3 Questions to Uncover KPIs You’re Missing

FP&A teams know there’s no shortage of metrics. But these three questions could help finance leaders uncover the KPIs that actually drive future performance.

If it feels like all eyes are on you, well, you’re probably right. Whether you’re at a major organization or a small business, stakeholders across all departments and levels look to the finance function for measures that will help them understand their future performance and set goals and strategies.

FP&A teams stuck using static planning processes tend to measure the same metrics that everyone else is measuring. That’s not only ineffective, it can be overwhelming, thanks to a deluge of data. More companies are now reaching beyond the financial data to identify and gauge KPIs. While nonfinancial metrics comprised just 10% of KPIs two years ago, CFOs expect that number to reach 30% on average by 2018, according to the Workday Adaptive PlanningCFO Indicator Report.

To shake free from the static planning shackles, finance leaders and business users must actively participate in the process: collaborating around business metrics and KPIs, gaining rapid insights with dashboards and reports based on trusted data, and using that information to inform plans and decision-making. Taking that active planning approach can mean the difference between passively watching KPIs that lag the real world and using real-time data to make nimble course corrections.

Not sure which KPIs your team might be overlooking? Consider these questions as a jumping-off point.

Who Is the Audience?

Just as there’s no one-size-fits-all list of KPIs to track, there’s no standard list of KPIs to share. Maybe the CFO wants to see both the variance and the underlying drivers of that variance. Maybe one budget manager wants to understand the booking and revenue forecasts, and another wants to drill into the granular difference by geography. Maybe the board of directors wants to understand not just how the company is performing but how it compares to peers in the industry.
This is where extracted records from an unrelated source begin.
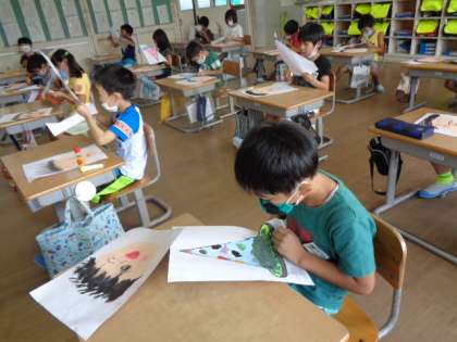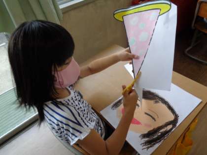 今日は仕上げをしました。お気に入りのとんがり帽子を黒い線を残して慎重に切る子供たちです。はさみの使い方が随分上手になってきました。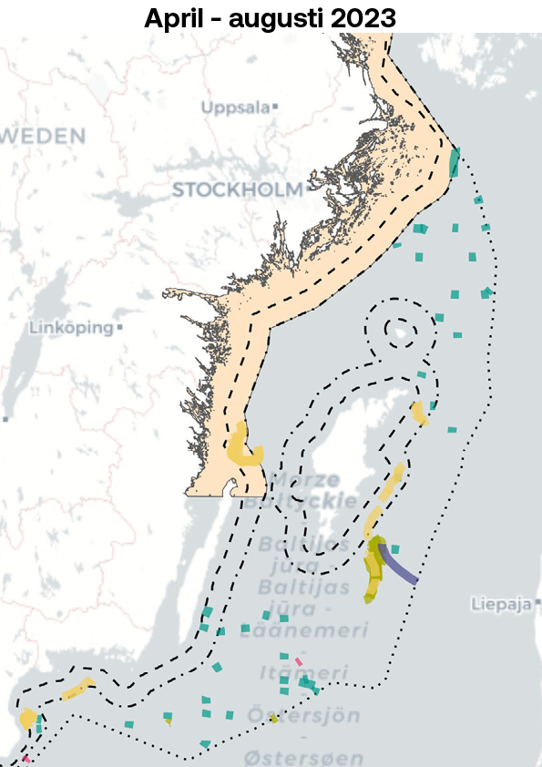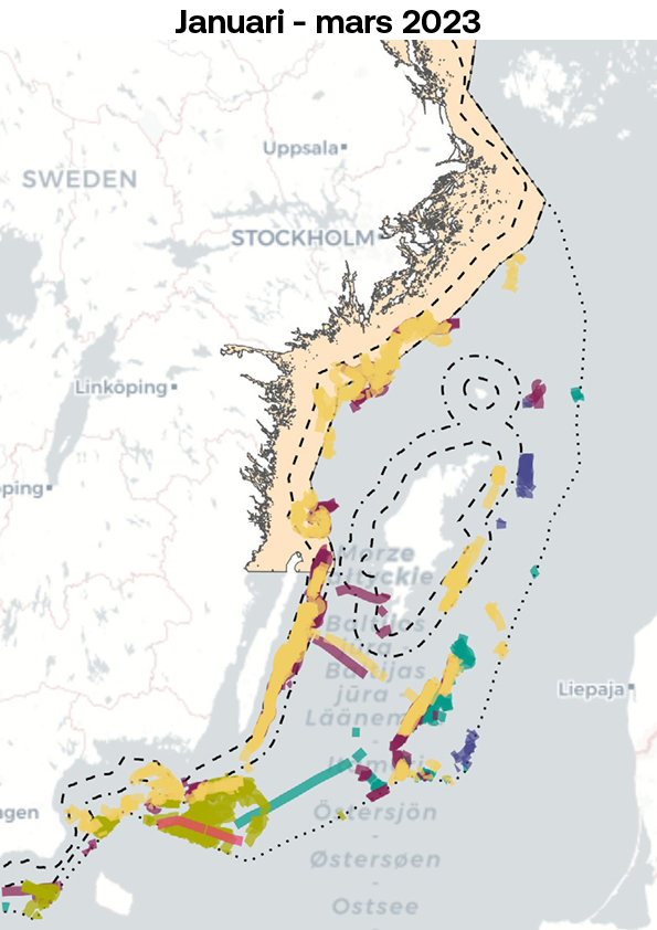 Den data från 2023 som BalticWaters har begärt ut från Sjöfartsverket visar var fiskebåtar över 24 meter har trålfiskat mellan olika tidsperioder. Datan visar att dessa båtar var mycket mer aktiva mellan januari och mars än under perioden april till augusti. Ett förbud mot fiske för att freda fiskpopulationerna bör därför placeras under årets första månader för att ge önskvärd effekt. Kartorna nedan visar delar av centrala Östersjön.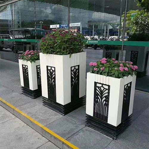 其他材質不做贅述。戶外綠化工程所用的花箱,長期經受風吹日曬,輕易受潮氧化,降低使用壽命。因此在選用花箱時要充分考慮其材質屬性,以及后期的維護成本。不同的用處,不同的裝飾效果,根據實際需求選擇對應花箱材質。??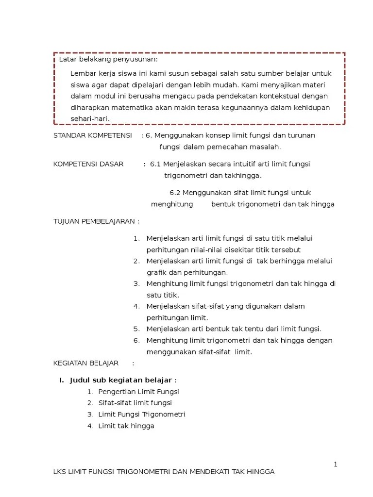 Setiap soal telah disertai pembahasan super lengkap yang disajikan secara rapi menggunakan latex. Limit di tak hingga merupakan kajian yang tepat untuk mengetahui kecendrungan suatu fungsi jika nilai variabelnya dibuat semakin besar. Salah satunya adalah limit tak hingga yang akan dibahas pada artikel kali ini. Yuk, mari simak penjelasan berikut! Kali ini edmodo akan menyampaikan sebuah . Penyelesaian limit tak hingga bentuk akar sebenarnya menggunakan cara menyelesaikan limit dengan kali akar sekawan, itu kalau cara manualnya . Di dalam pembahasan limit, seringkali kita mencari nilai limit saat x menuju tak hingga atau x menuju. Tentukan penyelesaian limit tak hingga berikut ! Sehingga, bermunculan ide untuk menemukan rumus trik cepat mengerjakan limit tak . Kali ini, rumushitung akan membahas materi limit tak hingga dalam bentuk fungsi aljabar. Penyelesaian soal limit secara runut akan memakan banyak waktu. Penyelesaian limit tak hingga bentuk akar . 3x 2 4 x 1 3x 2 4 x 1 1.
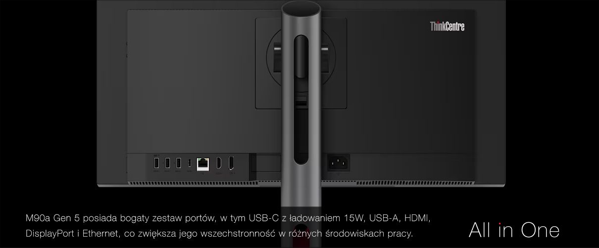 M90a Gen 5 wyposażony jest w 23,8-calowy ekran FHD IPS, dostępny zarówno w wersji dotykowej, jak i niet dotykowej. Co więcej, urządzenie posiada bogaty zestaw portów, w tym USB-C z ładowaniem 15W, USB-A, HDMI, DisplayPort i Ethernet, co zwiększa jego wszechstronność w różnych środowiskach pracy.

Sharing meaningful data means sharing relevant data, and you have to understand your audience to uncover the KPIs they’ll care about. Take, for instance,Papyrus.The privately held retailer of green cards and gifts has more than 500 stores across North America. Seasonality is an understandable challenge for the company, and serving up a standard set of KPIs wouldn’t have delivered enough insight to internal stakeholders. Instead, the finance team uses a sophisticated, cloud-based dashboard to get greater visibility into how products skew revenue by season, and monitor key metrics like retail store performance, inventory, and payroll.

What Is Our Strategy?

kpi是信号的性能,和执行ance should be in the service of a larger strategy. When the University of Central Florida College of Medicine was experiencing exponential growth in enrollment, it had a great problem on its hands: how to keep the momentum going, while measuring the program’s success. The UCF finance team knew they had to track KPIs beyond the usual operating budget: Are students who enter the college graduating, for instance? How many are transferring to other institutions? And where do students get placed once they graduate? Those KPIs are critical for internal stakeholders, who need to course-correct where necessary and actively forecast for future positions and training needs. But they’re also essential for recruitment efforts, with eager prospects and their parents champing at the bit for data that shows the University of Central Florida is the right fit for them.

Finding the KPIs that will support and help drive the business strategy is all but impossible unless you understand what the strategy is. Where is the organization headed? What are its strategic goals? What are the pain points that need to be obliterated and the opportunities to embrace? Only with that road map in mind can the finance team find the metrics that will move the company in that direction.

How Do We Compare?

A KPI in isolation doesn’t tell you much—it must be considered in the context of both peer and industry averages, and the company’s own past performance and future goals. Executives at Thiess Mining, which runs one of the largest mining fleets in the world, wanted to move the needle on several operating metrics. But the finance team knew that didn’t mean setting static goals and hoping for the best. “We are a process control organization,” said Ben Willey, general manager of technology systems at Thiess. “We deliver value to our clients through optimizing resources and processes, so measuring key performance indicators is critical to our business performance.”

Thiess implemented Workday Adaptive Planning to gain better visualization around the KPIs they track for every person, machine, activity, location, and consumable in the business. The impact was swift and impressive: In the first week, data gathered from the company’s fleet of trucks—compared with past performance—identified a mechanical problem that could have significantly slowed production. Instead, the fleet was fixed, and the company started achieving ROI within days of deployment.

FP&A teams know there’s no shortage of metrics to measure—especially as the parade of data and influx of nonfinancial KPIs march on. But modern finance leaders understand that a “more is more” approach will only dilute the very nature of KPIs.